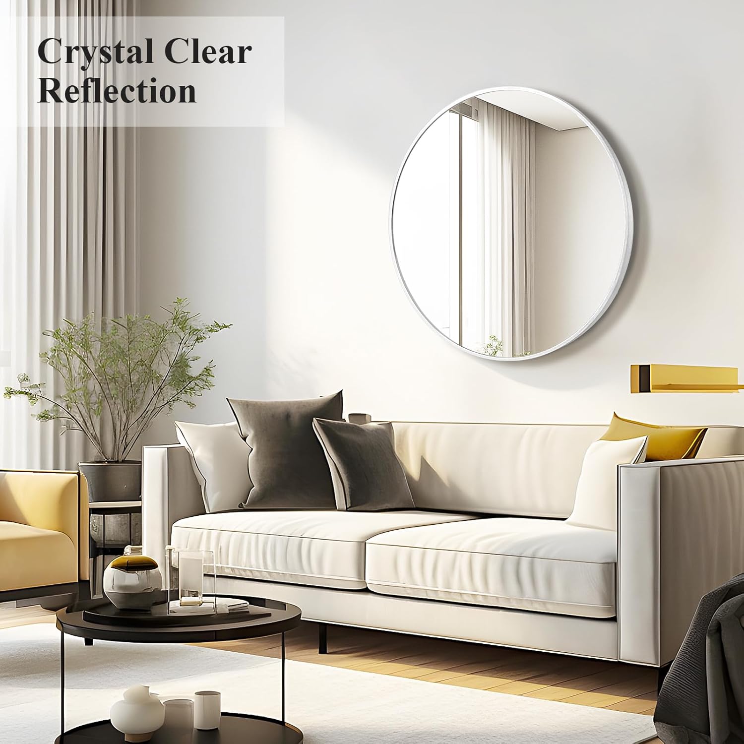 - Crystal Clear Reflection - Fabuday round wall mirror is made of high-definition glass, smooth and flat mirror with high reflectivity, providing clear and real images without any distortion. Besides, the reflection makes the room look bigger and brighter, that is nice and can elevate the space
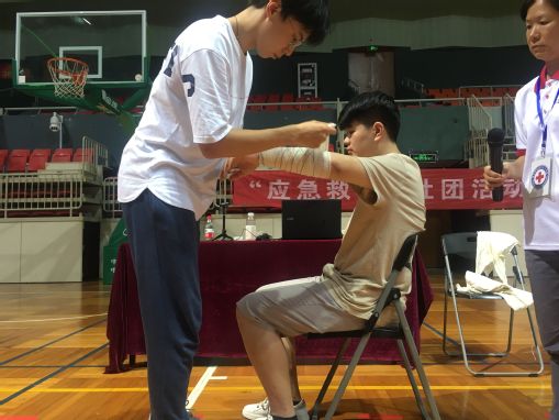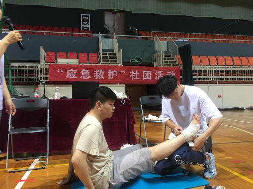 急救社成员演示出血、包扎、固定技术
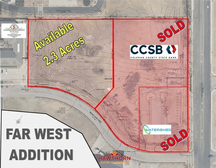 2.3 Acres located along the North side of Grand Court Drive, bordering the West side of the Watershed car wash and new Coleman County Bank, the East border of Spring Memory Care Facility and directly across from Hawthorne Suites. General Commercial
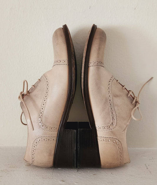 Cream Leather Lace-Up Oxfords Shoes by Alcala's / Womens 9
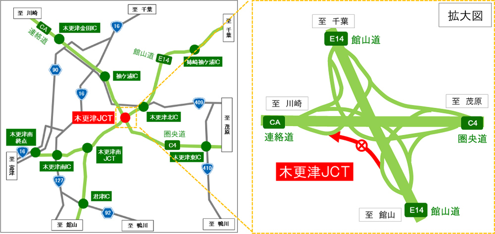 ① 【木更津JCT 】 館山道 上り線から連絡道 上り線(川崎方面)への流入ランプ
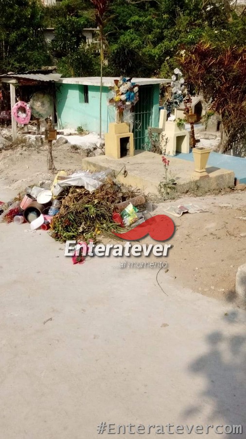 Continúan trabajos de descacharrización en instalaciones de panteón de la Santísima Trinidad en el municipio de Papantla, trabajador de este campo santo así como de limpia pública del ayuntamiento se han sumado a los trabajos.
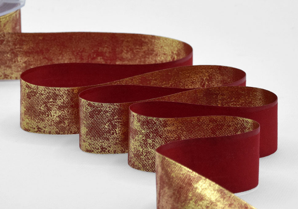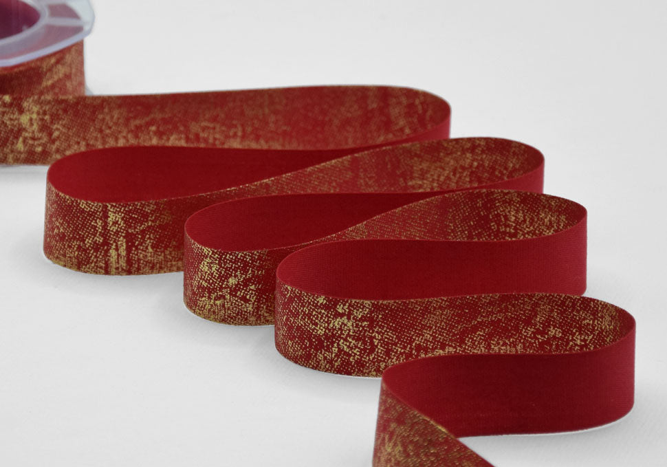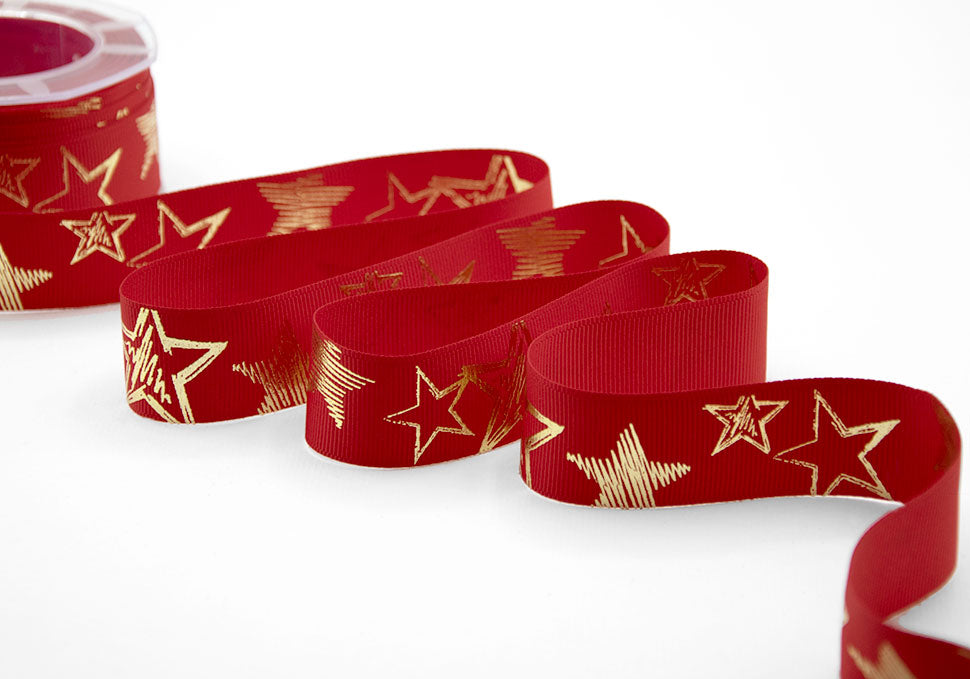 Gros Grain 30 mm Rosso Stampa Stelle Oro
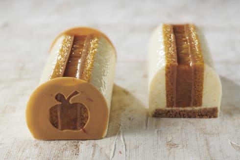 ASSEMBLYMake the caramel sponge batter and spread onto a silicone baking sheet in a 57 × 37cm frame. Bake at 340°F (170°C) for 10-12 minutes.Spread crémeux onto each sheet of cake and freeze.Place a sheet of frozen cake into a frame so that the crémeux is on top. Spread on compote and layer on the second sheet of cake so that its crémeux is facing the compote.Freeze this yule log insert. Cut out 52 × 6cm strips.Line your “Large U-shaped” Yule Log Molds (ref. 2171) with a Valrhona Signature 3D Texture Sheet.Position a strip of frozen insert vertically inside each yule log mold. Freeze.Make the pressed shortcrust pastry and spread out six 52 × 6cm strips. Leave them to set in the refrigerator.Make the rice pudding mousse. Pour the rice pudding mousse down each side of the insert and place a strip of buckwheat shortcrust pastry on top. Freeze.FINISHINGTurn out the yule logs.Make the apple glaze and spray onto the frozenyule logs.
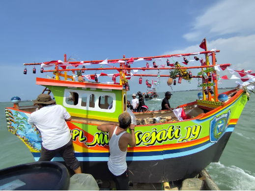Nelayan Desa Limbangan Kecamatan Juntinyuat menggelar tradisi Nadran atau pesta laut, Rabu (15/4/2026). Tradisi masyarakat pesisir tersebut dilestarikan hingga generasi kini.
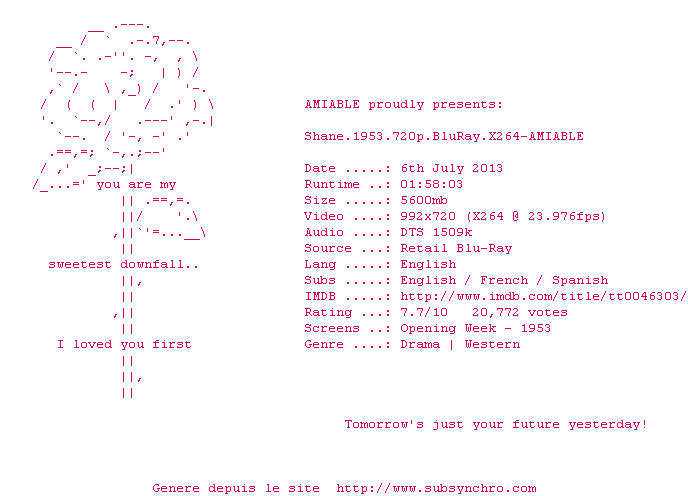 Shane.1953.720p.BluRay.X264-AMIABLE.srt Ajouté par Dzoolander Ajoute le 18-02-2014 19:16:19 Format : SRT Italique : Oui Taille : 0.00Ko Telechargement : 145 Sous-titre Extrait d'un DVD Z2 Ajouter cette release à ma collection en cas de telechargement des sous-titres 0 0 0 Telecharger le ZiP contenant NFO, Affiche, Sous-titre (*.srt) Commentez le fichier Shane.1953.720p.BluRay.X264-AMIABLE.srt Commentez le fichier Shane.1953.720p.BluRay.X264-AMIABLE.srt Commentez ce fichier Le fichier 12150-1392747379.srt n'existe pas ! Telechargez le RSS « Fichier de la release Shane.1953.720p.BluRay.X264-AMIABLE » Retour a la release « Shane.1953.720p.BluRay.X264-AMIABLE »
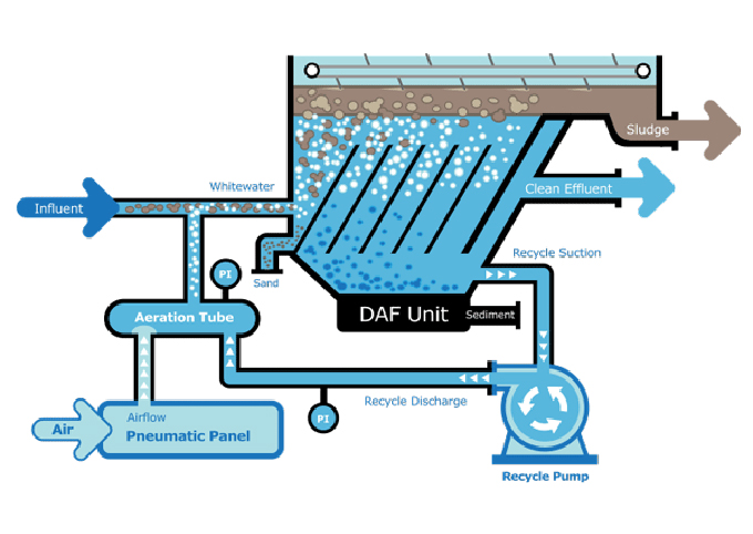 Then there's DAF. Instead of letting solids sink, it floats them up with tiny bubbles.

===

* [WORK INSTRUCTIONS] The line containing "① 【木更津JCT 】 館山道 上り線から連絡道 上り線(川崎方面)への流入ランプ" marks the end: transcribe every line from the start of the listing up to and including it, minus the pictures.

* [OUTPUT]
 - Crystal Clear Reflection - Fabuday round wall mirror is made of high-definition glass, smooth and flat mirror with high reflectivity, providing clear and real images without any distortion. Besides, the reflection makes the room look bigger and brighter, that is nice and can elevate the space
 急救社成员演示出血、包扎、固定技术
 2.3 Acres located along the North side of Grand Court Drive, bordering the West side of the Watershed car wash and new Coleman County Bank, the East border of Spring Memory Care Facility and directly across from Hawthorne Suites. General Commercial
 Cream Leather Lace-Up Oxfords Shoes by Alcala's / Womens 9
 ① 【木更津JCT 】 館山道 上り線から連絡道 上り線(川崎方面)への流入ランプ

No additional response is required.